After being in a long term relationship of nearly four years everything crumbled and fell apart. Splitting up is never easy but it’s even harder when you didn’t want to in the first place. How many times can you give chances ? How many times can you keep trying? He said he was trying to change yet still did the same things he did before. I become distant to protect myself … He didnt understand . Our relationship wasn’t always wonderful … We spent the last year arguing alot , bringing up the past , things that were annoying us but it didnt change the fact that I loved him and still do. When someone who says they love you speaks to you in such a disgusting manner how are you ment to feel about that ? I tried my hardest , I supported him emotionally , mentally and financially but that wasn’t enough , I stayed faithful and loyal that wasn’t enough … It was never enough . My grandad died feb 17th this year I was with him when he passed … It was the most difficult time of my life and ill never get over it , he didnt know how to support me emotionally didn’t understand why I acted how I did after or felt how I did after his death. Life become a struggle for me everyday as I just phased out what had happened so I didn’t have to deal with it ever … And I still haven’t. So I lost my grandad and my relationship in 4 months .

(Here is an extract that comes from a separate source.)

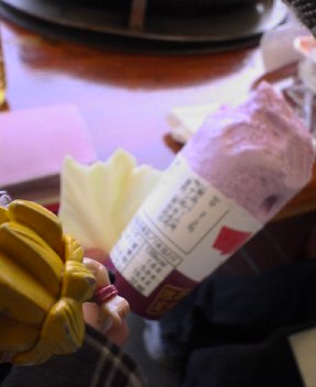 写真はその時のもの。アイスOKだったので紫いもを購入。Tちゃんもこれを気に入ってくれました^^ そして、キャベツが余っていた(他生徒の残り)のでキャベツをかじりながらアイス・・・意外と上手かったですよ~ アイスの甘味とキャベツのシャキシャキ感が良かったです(栄養も取れるしね)
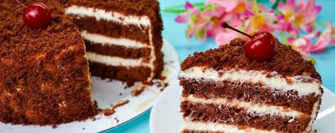 Простий шоколадно-кошторисний торт з приємною вишневою кислинкою, повітряним кремом і пористою основою – красивий десерт, який вийде навіть у початківця господині.

His blocked me on everything , deleted every picture he had of me or us . His erased me from his life like I never existed …. Like I was nothing … Four years just gone in a matter of seconds. I still have every picture … My social sites untouched … I need to realise that this is it … I need to delete the pictures and do the same as him … I just can’t seem to let go. As nasty as he could be I always still saw the good him when others didnt . He will realise one day I hope what a mess his made … The future is so unclear right now it’s scary . But I think his is clear as anything … He will end up with nothing and be nothing now.
So where do I start ? What do you do when you come out of a long term relationship? What do I do to not feel the pain …..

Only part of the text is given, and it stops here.